As another embodiment of the present invention, a second embodiment is shown in FIG. 2 in which a small diameter tube 12 is used in the small hole plate of FIG. In this case, the openings at both ends of the small-diameter tube 12 will play the role of the small holes in the small-hole plates 4 and 5 in the embodiment shown in FIG. In this second embodiment, the inner surface of the small diameter tube 12 must be treated so as not to reflect light in the wavelength range used for measurement. In the second embodiment, it is also possible to increase the amplitude of the pulse wave signal detected by pressing one end of the small diameter tube 12 against the skin.

Effects of the Invention As is clear from the above explanation, the present invention suppresses unnecessary scattered light in the epidermal layer from entering the light-receiving element using geometrical optical means, and limits the measurement area to detect photoplethysmography. This has the effect of making it possible to detect even minute vibrations with the meter.

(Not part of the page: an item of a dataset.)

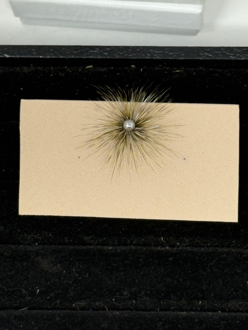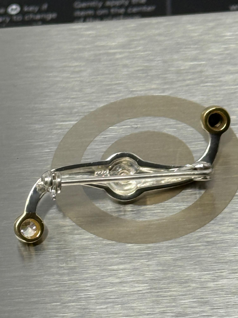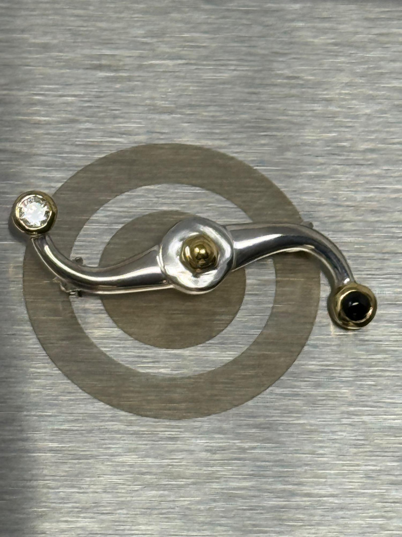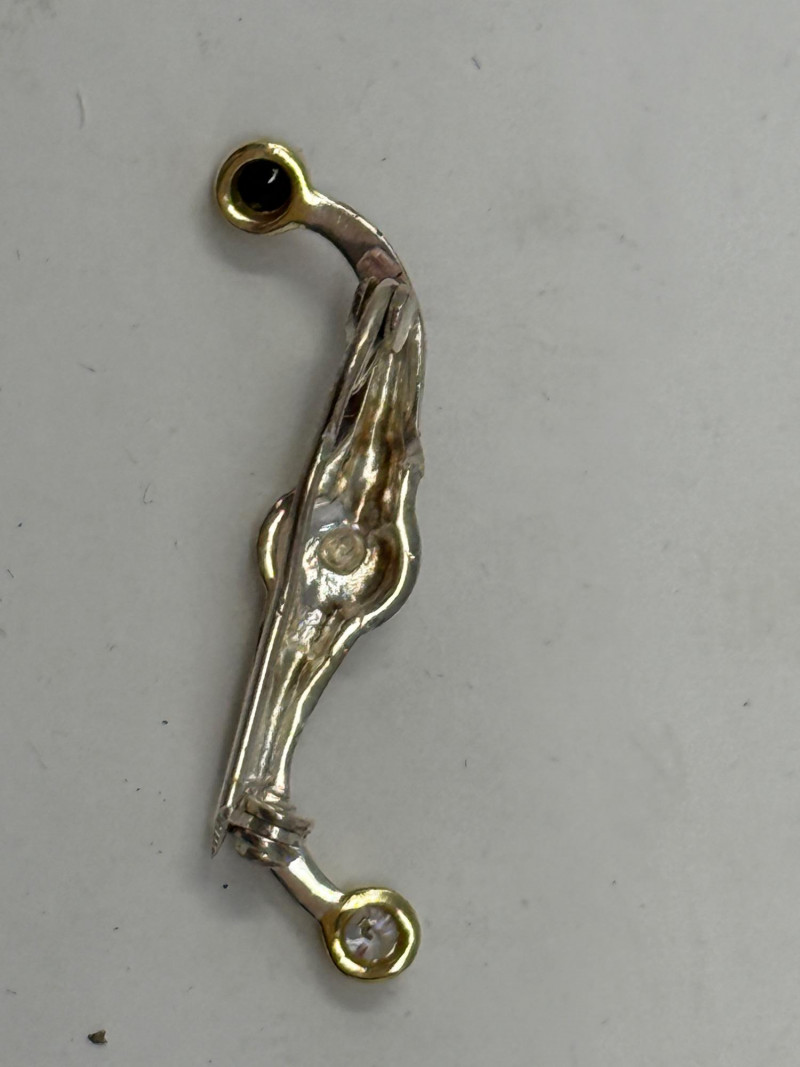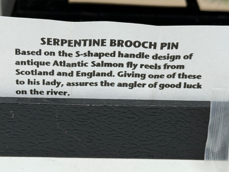 "Serpentine brooch pin. Based on the S shaped handle design of antique Atlantic salmon fly reels from Scotland and England. Giving one of these to his lady assures the angler of good luck on the river."

[Brief explanation of drawings]

FIG. 1 is a diagram showing the main part of a charging pulse waveform according to an embodiment of the present invention;
FIG. 2 is a diagram showing the main part of a photoplethysmographic waveform in another embodiment of the present invention, and FIG. 3 is a diagram of a pulse waveform obtained by a conventional photoplethysmometer.
FIG. 4 is a pulse wave waveform chart obtained by the photoplethysmometer of the present invention. 1... Light emitting element, 2... Light receiving element, 3
......Optical filter, 4 and 6...Stomal plate, 6...Epidermis, 7...Dermis, 8...
...blood vessels, 9. '10.11... Ray of light. Name of agent: Patent attorney Toshio Nakao and 1 other person No. 1
Figure 2 Figure 3 Leap Figure 4 Final leap

Claims (1)

[Claims] In a photoplethysmograph comprising a light emitting element and a light receiving element, the photoplethysmometer detects a pulse wave signal by receiving visible light or near infrared light emitted from the light emitting element and apparently transmitted light from a part of the body. A photoplethysmometer characterized by limiting the opening of an entrance window of a light receiving element to reduce the viewing angle and suppress the incidence of unnecessary scattered light.